Il est certain qu’il y a dans certaines parties de son œuvre une poésie domestique, telle que peut l’aimer un réalisme non pas « cruel », comme le nôtre s’est trop souvent piqué de l’être, mais sympathique au contraire à l’homme, comme l’ont été plus que nous les étrangers. Anglais, Russes, Norvégiens. Il a certainement passé quelque chose de Rousseau dans George Eliot. Rousseau peint avec attendrissement la simplicité de la vie de famille dans les classes moyennes, tout le tracas vulgaire et charmant du ménage, les tâches journalières de la maîtresse de maison et de son monde, la propreté, l’ordre, l’aisance large et hospitalière d’une maison bourgeoise[1], la gaieté des vendanges, l’intimité des veillées.
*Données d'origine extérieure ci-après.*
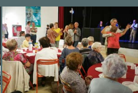
Semaine bleue - Après-midi musicale du 1 er octobre
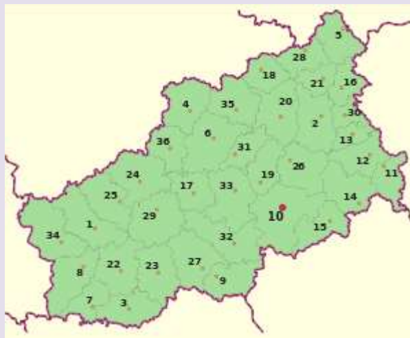
Административная карта Тверской области

Ребята познакомились с историей нашего края. Во время показа презентации сменялись слайды: такой наш край был в далёком 11 веке, а таким стал при Михаиле Тверском. Вот тверская земля в годы монголо – татарского нашествия, а вот и смутные времена. На слайдах не только города и здания, но и люди, которые связали свою судьбу с Тверской областью. Учителя нам рассказали о том, что территория нашей области не раз менялась, как менялось и само название. Мы даже не могли предположить, что с 1929 по 1935 год не было отдельной Тверской области, все районы были разделены и входили в другие области. Мы узнали, чьё имя носила Тверская земля с 1935 по 1990 год. Михаил Иванович Калинин – Всесоюзный староста, второй человек (после Сталина) в стране, наш земляк, уроженец Кашинского района. Перед войной в состав нашей области входило 69 районов и её границы совпадали с государственной границей СССР, то есть она была самой больше областью в РСФСР.
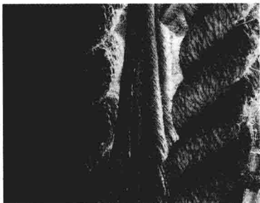
充满艺术美感的几何图案绳结。

当人类还住在洞穴里的时候，就开始打绳结了。20世纪60年代，美国作家赛勒斯·劳伦斯·德认为史前（也许几百万年前）时期人们就学会了打绳结，当时人们刚学会如何用火和耕地，刚发明了轮子，刚知道如何利用风能。不幸的是，对于绳结没有留下任何有形的证据，有关专家猜测最初的打结材料是藤、动物身体上的肌腱或是成条的生兽皮。
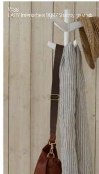
Vegg LADY Interiørbeis 9097 Shabby , to strøk
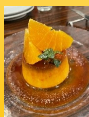
日本一こだわり卵のチーズプリン しまなみドーナツ添え

個人的には facebook で拝見してとても食べたかったかぼちゃプリン(ハロウィンシーズン限定だそうです)を今年秋に食べに行こうと思っています。
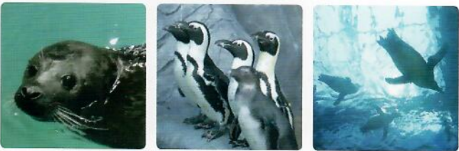
춤추는 물범 / 일2회 | 뒤통뒤통 펭귄 / 일2회 | 플라잉 펭귄 / 일2회
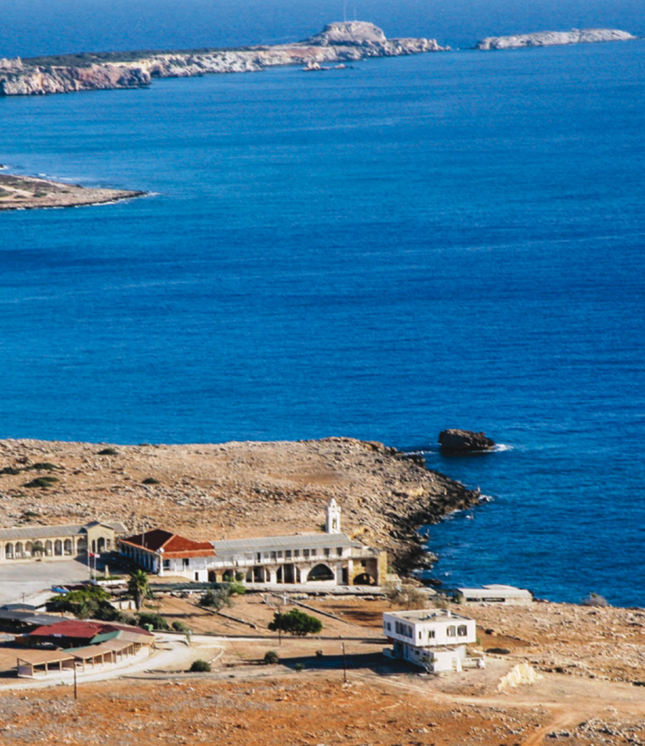
Εικ. 2. Πανοραμική άποψη με τη Μονή του Αποστόλου Ανδρέα και την αρχαιολογική θέση Κάστρος, στο βάθος.
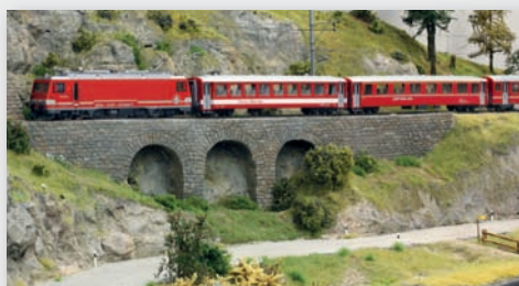
BVZ Start-Set „Glacier Express“
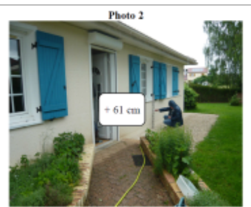
Trace du maximum de la crue sur la façade du 4 rue George Brassens

Cet intérieur de Julie, cette maison champêtre, avec son pressoir, sa laiterie, ses noyers, sa basse-cour, toute cette vie bruyante et joyeuse, les coqs qui chantent, les bœufs qui mugissent, les chariots qu’on attelle, les ouvriers qui rentrent, voilà du réel, que Rousseau détaille complaisamment dans sa pittoresque familiarité. Une bonne partie des sujets d’estampes qu’il a indiqués pour l’illustration du roman, sont des scènes de la vie bourgeoise, curieusement exactes bien que sentimentales. Il a souvent rêvé d’une « petite maison blanche aux contrevents verts », avec

  1. Nouvelle Héloïse, 4e partie, l. 11 ; 5e p. l. 2 et 7.